Politically, the crackdown could backfire, proving to skeptics that the security forces lack discipline and that instead of protecting the rights of ordinary Palestinians, they are more interested in protecting the regime and Israeli security.

 

Those fears appeared to be realized on June 30, when dozens of uniformed and undercover personnel violently dispersed a gathering of Palestinians at Manara Square in Ramallah. The demonstrators were protesting against plans by Israeli Vice Premier Shaul Mofaz to meet with Abbas in the city in July. It was to be the first top-level diplomatic contact for nearly two years, and the first such meeting of any kind since Abbas held a series of private encounters in Amman and London with President Shimon Peres and Defense Minister Barak in 2011.

 

In the wake of the public protests and the violent clashes with Palestinian police, the meeting with Mofaz was canceled.
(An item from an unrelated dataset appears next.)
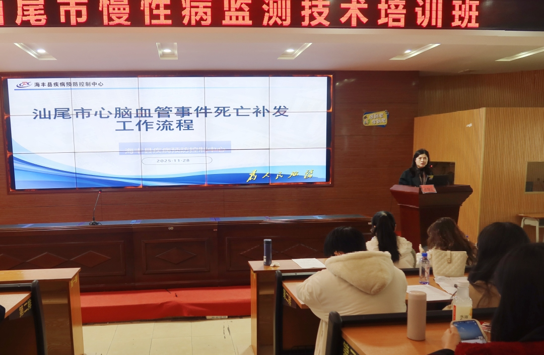 为进一步提升我市心脑血管事件及伤害监测工作质量,2025年11月28日,汕尾市疾病预防控制中心组织举办了全市慢性病监测技术培训班。市、县(区)疾控中心及相关医疗机构慢性病监测业务骨干参加培训。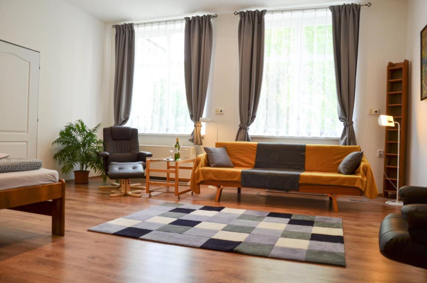 Two-Bedroom Apartment. This spacious apartment comes with 1 living room, 2 separate bedrooms and 1 bathroom with a shower and free toiletries. Guests can make meals in the kitchenette that features a stovetop, a refrigerator, kitchenware and a microwave. The apartment features a tea and coffee maker, a wardrobe, heating, a flat-screen TV, as well as city views. The unit has 4 beds.

The Palestinian police reaction to those demonstrations has done little to enhance their reputation among the Palestinian public.

 

Fatah youth activist Hazem Abu Helal tells The Report that the peaceful protest was intended to convey a message to the PA: Palestinians are frustrated by the lack of progress in peace negotiations with Israel.

 

Negotiations, when held, seem to have achieved little for the Palestinian people.

 

“The Palestinian march confirms the rejection by the Palestinian people of receiving Mofaz in Ramallah at the headquarters where he besieged Yasser Arafat before his martyrdom,” Abu Helal says, recalling that Mofaz was chief of staff and then defense minister at the height of the intifada.

 

The combination of the security crackdown against former Fatah fighters and growing political dissent could prove an explosive mix for the Palestinian leadership.

 

Security experts warn that without progress on other fronts, the PA my only be able to dampen the discontent for so long.